> _What is expected_: Exactly as written, please repeat the data that follows, but not the pictures.

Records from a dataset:
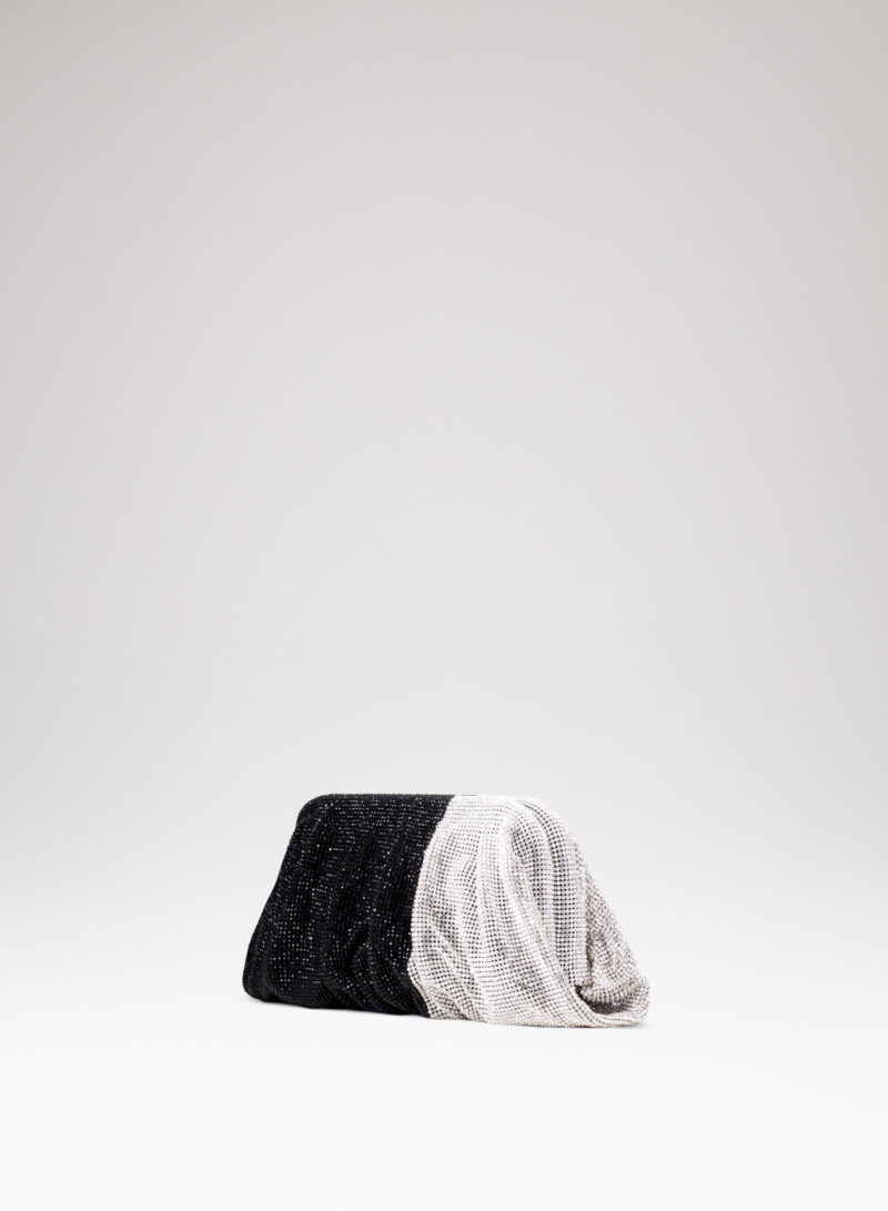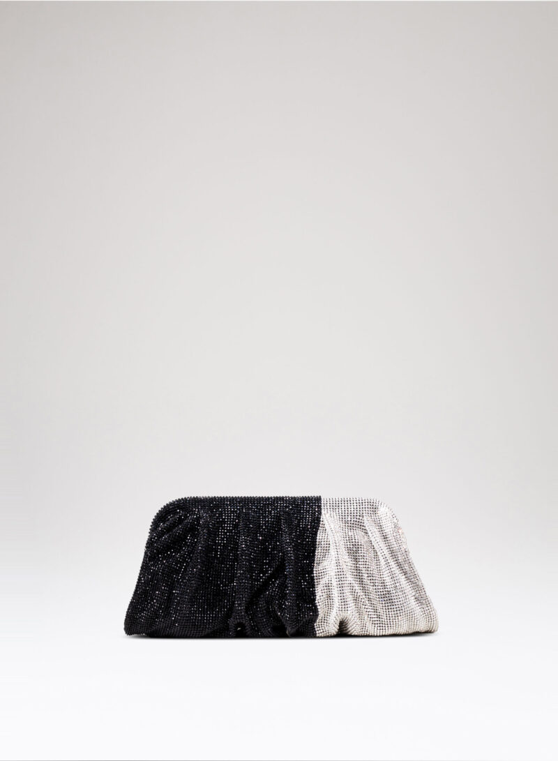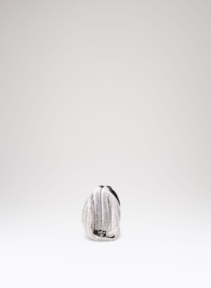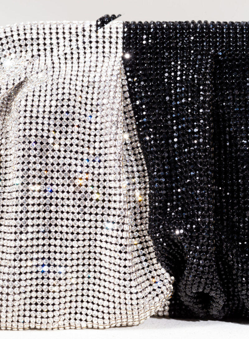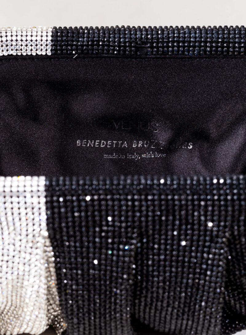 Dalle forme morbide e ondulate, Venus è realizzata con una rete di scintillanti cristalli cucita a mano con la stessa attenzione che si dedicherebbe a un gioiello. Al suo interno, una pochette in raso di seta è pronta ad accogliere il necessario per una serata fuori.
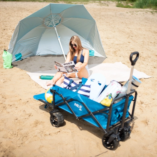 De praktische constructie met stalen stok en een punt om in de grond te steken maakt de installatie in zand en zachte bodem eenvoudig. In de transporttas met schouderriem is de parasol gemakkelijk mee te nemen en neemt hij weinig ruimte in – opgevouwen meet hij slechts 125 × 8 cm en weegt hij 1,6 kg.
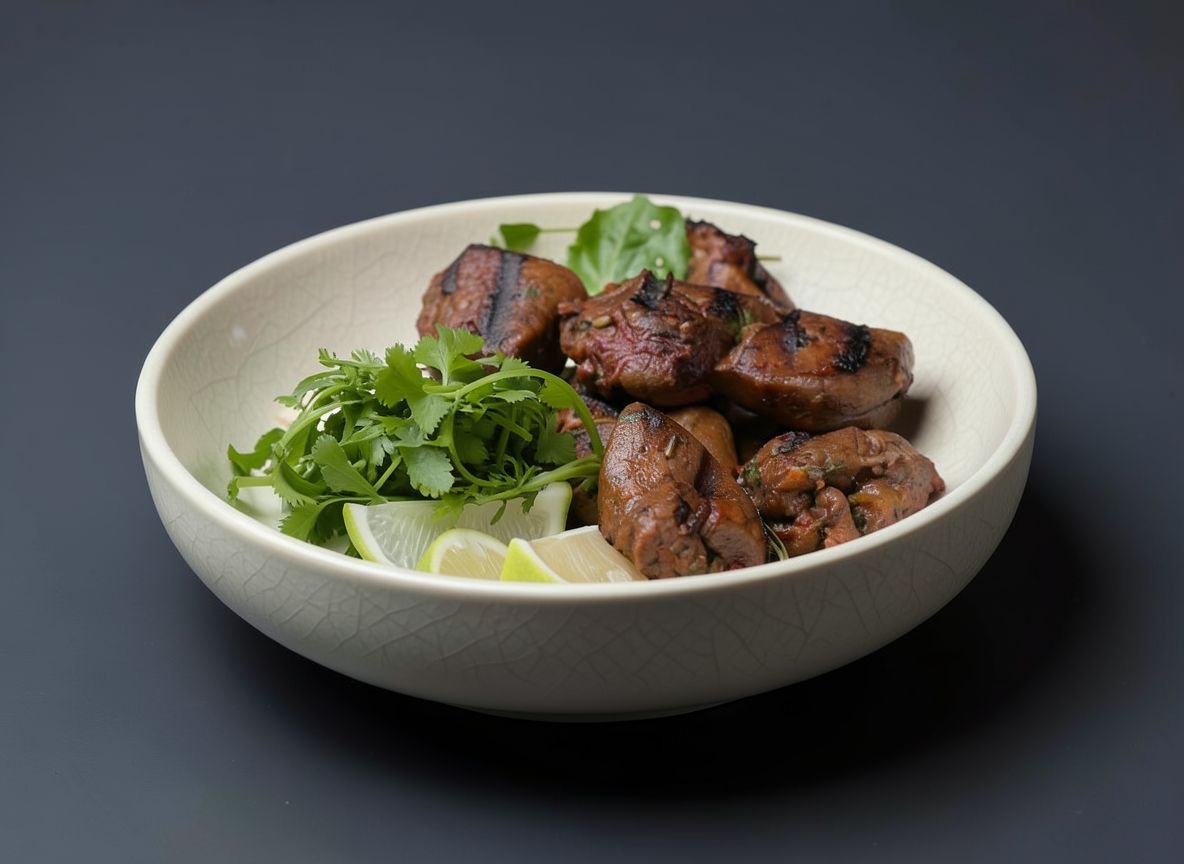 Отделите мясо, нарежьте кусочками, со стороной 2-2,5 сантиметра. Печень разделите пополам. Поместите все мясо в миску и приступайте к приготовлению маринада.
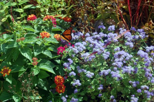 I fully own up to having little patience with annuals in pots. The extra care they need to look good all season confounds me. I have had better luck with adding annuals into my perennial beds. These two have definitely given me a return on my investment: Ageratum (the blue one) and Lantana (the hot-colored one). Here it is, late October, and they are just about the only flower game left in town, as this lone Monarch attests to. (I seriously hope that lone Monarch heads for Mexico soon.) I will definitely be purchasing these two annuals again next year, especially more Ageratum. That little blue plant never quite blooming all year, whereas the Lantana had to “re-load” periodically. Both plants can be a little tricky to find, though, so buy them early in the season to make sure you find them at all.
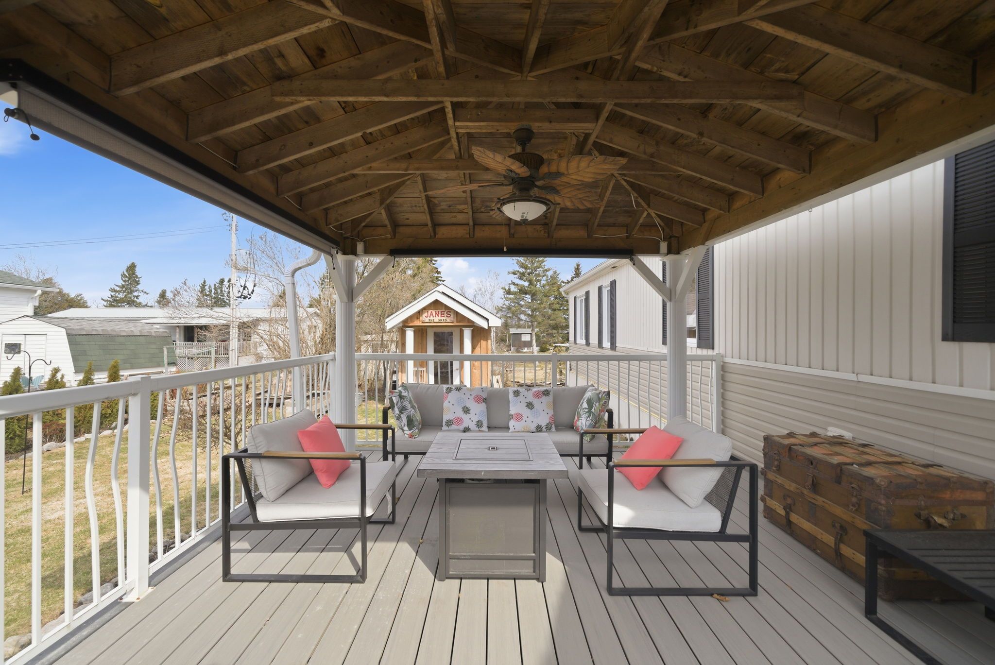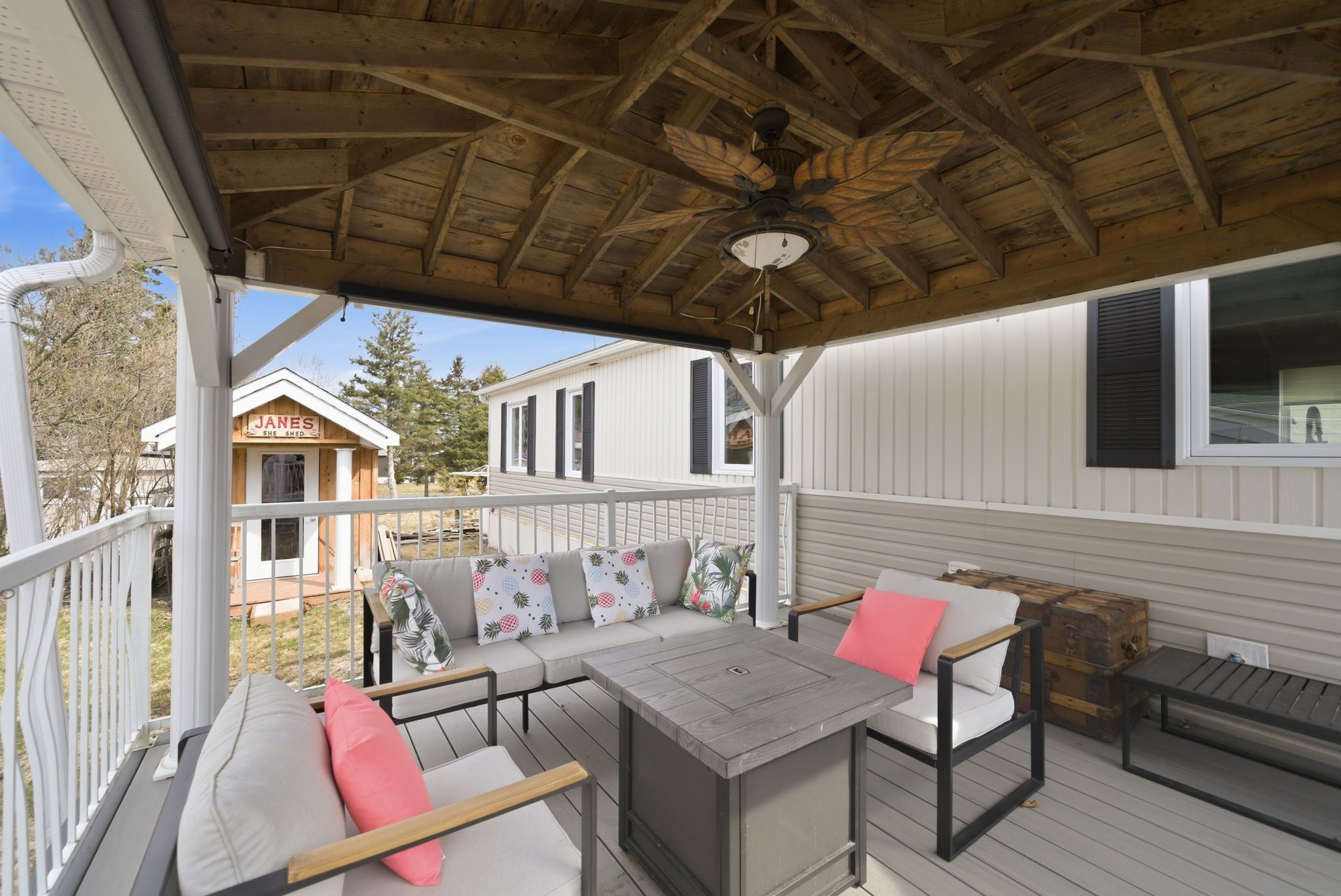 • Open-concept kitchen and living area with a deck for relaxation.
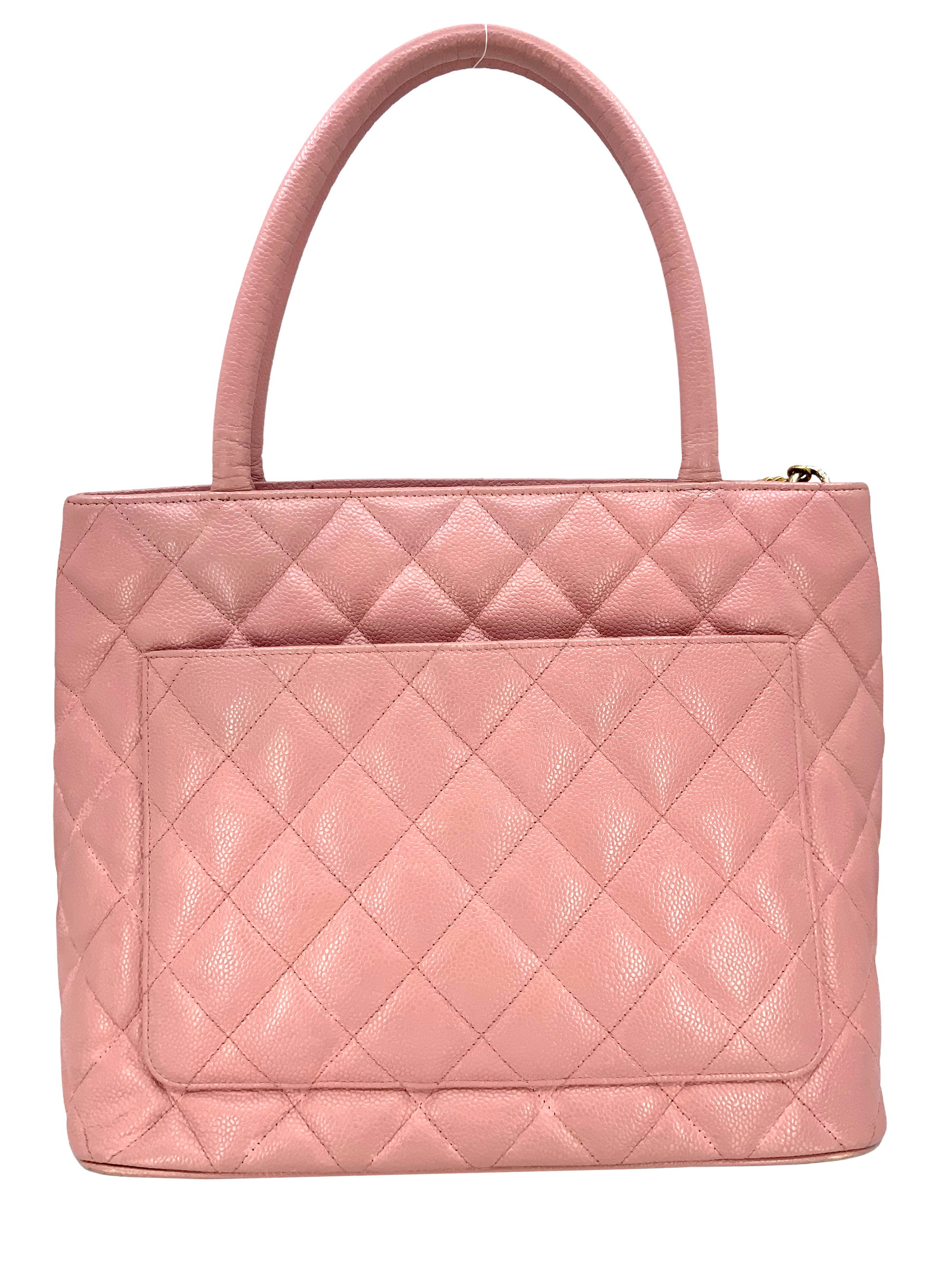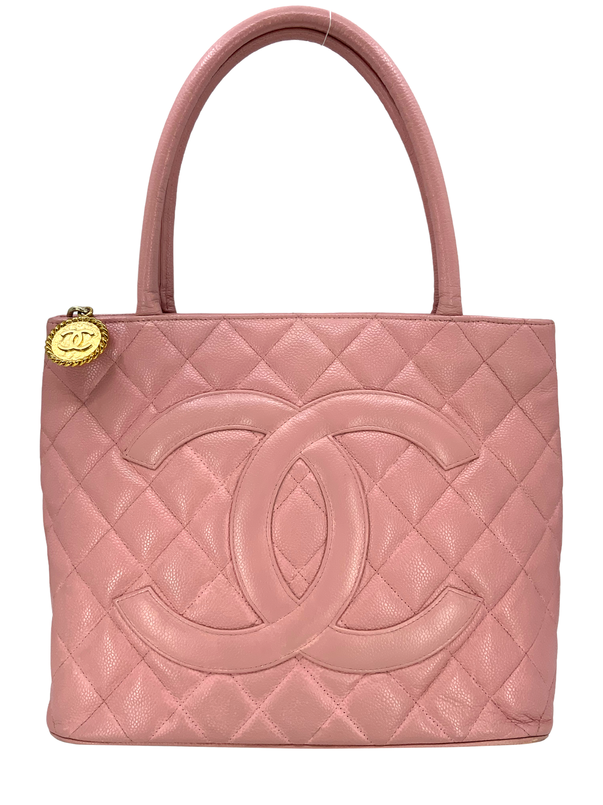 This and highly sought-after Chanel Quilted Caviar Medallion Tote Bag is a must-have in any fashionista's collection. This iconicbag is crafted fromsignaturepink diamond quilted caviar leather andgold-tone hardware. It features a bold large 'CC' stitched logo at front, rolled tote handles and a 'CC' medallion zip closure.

> _Result_:
 Dalle forme morbide e ondulate, Venus è realizzata con una rete di scintillanti cristalli cucita a mano con la stessa attenzione che si dedicherebbe a un gioiello. Al suo interno, una pochette in raso di seta è pronta ad accogliere il necessario per una serata fuori.
 De praktische constructie met stalen stok en een punt om in de grond te steken maakt de installatie in zand en zachte bodem eenvoudig. In de transporttas met schouderriem is de parasol gemakkelijk mee te nemen en neemt hij weinig ruimte in – opgevouwen meet hij slechts 125 × 8 cm en weegt hij 1,6 kg.
 Отделите мясо, нарежьте кусочками, со стороной 2-2,5 сантиметра. Печень разделите пополам. Поместите все мясо в миску и приступайте к приготовлению маринада.
 I fully own up to having little patience with annuals in pots. The extra care they need to look good all season confounds me. I have had better luck with adding annuals into my perennial beds. These two have definitely given me a return on my investment: Ageratum (the blue one) and Lantana (the hot-colored one). Here it is, late October, and they are just about the only flower game left in town, as this lone Monarch attests to. (I seriously hope that lone Monarch heads for Mexico soon.) I will definitely be purchasing these two annuals again next year, especially more Ageratum. That little blue plant never quite blooming all year, whereas the Lantana had to “re-load” periodically. Both plants can be a little tricky to find, though, so buy them early in the season to make sure you find them at all.
 • Open-concept kitchen and living area with a deck for relaxation.
 This and highly sought-after Chanel Quilted Caviar Medallion Tote Bag is a must-have in any fashionista's collection. This iconicbag is crafted fromsignaturepink diamond quilted caviar leather andgold-tone hardware. It features a bold large 'CC' stitched logo at front, rolled tote handles and a 'CC' medallion zip closure.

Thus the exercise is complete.